For what it is worth, my attempt to allocate 6GB of pinned memory with cudaHostAlloc() on a Windows 7 machine with only 8GB of physical memory was successful. Either there is a fixed absolute size limit, rather than a percentage one, or the limit is different between Windows 7 and Windows 10. My test app:

#include <stdio.h>
#include <stdlib.h>

int main (void)
    unsigned char *p;
    cudaError_t stat;
    size_t siz = 1024ULL * 1024 * 6200;

    stat = cudaHostAlloc (&p, siz, cudaHostAllocDefault);
    if (stat == cudaSuccess) {
        volatile unsigned long long count = 1ULL<<34;
        printf ("allocation succesful\n");fflush(stdout);
        do {
        } while (count);
    return EXIT_SUCCESS;

Windows 7 and Windows 10 behaves differently.

When we switch to Windows 10 we double the amount of physical RAM to get the same allocation that we can have with Windows 7 (same motherboard, same GPUs, same main application that use CUDA)

Moreover the maximum amout of pinnable memory depends on the number of installed GPU card. Now we test a system with 8 GPU cards (RTX3090). With 128GB of physical RAM the maximum pinnable buffer that we can have is about 6GB and its size decrease at each new allocation.
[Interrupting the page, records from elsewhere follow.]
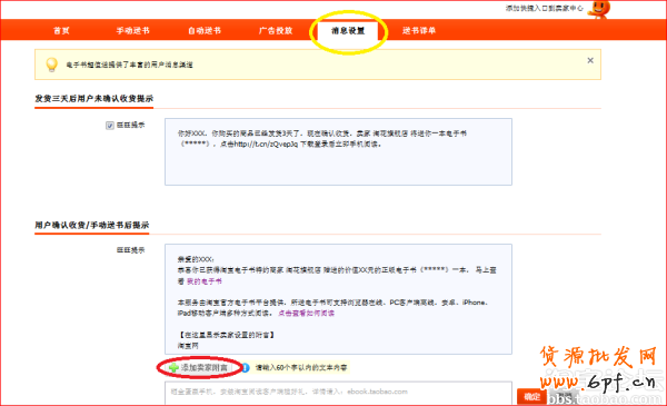 請在手動送書/活動送書之前,先進入超值送后臺“消息設置”中選擇“添加賣家附言”,這樣送書成功后,買家收到的旺旺消息內會顯示出你添加的這段文字,買家看到的展現請看下面旺旺消息內容截圖
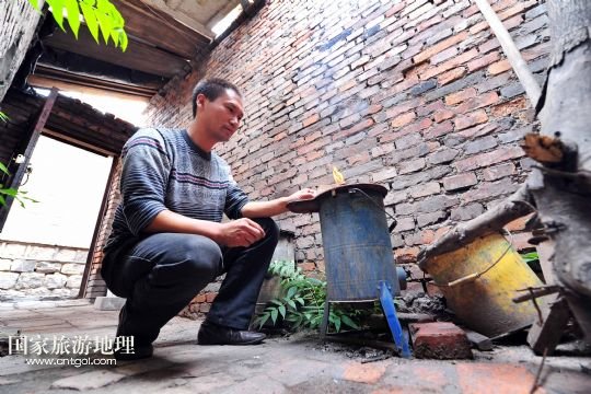 國家旅游地理 寧夏石嘴山9月6日訊 在寧夏回族自治區(qū)石嘴山市大武口區(qū)人民街道工人街社區(qū)的原洗煤廠老舊小區(qū)內(nèi),46歲的馬連生在院子里生火準備燒開水。他在這里已經(jīng)居住了14年(9月3日攝)。
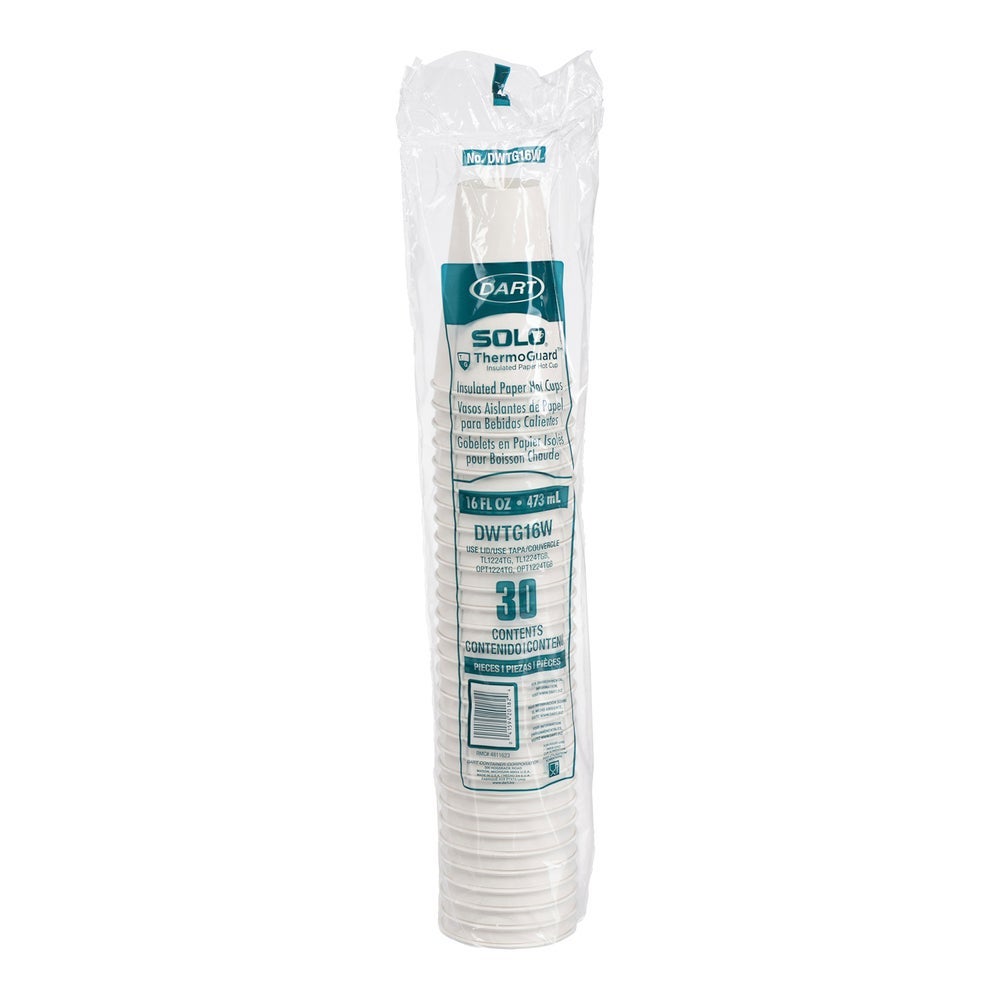 Vasos de papel para bebidas calientes, de 16 onzas, blanco, aislado, 16 onzas, 30 Cdd Paq, 20/Caj

If I remove 4 GPU cards the first allocation can be about 11GB.

This means that pinnable (not pageable) memory is almost unusable on windows 10.

I even try to use Windows 10 server but I get the same sad results.

A quick experiment with a Windows 10 system currently under heavy load shows that I can allocate 7.1 GB of pinned host memory as a first allocation from a total of 32 GB of system memory.

I suspect that operating system folks would point out that allocating huge physically contiguous buffers is anathema to the address space virtualization that modern operating systems are designed around.

In practical terms, it might be a good idea to simply use regular pageable memory and focus on deploying systems with high system memory throughput. For an HPC system, four channels of DDR4-2666 should be considered the minimum. Current platforms offer as much as 8 channels of DDR4-3200, best I know.

Side remark: I would consider 128 GB of system memory underprovisioning for a system with eight RTX 3090s and even underprovisioning for a system with four RTX 3090s. I don’t know your use case, but in general one would want to shoot for system memory that is 2x to 4x the total GPU memory. It is usually not a good idea to skimp on system memory for “fat” nodes.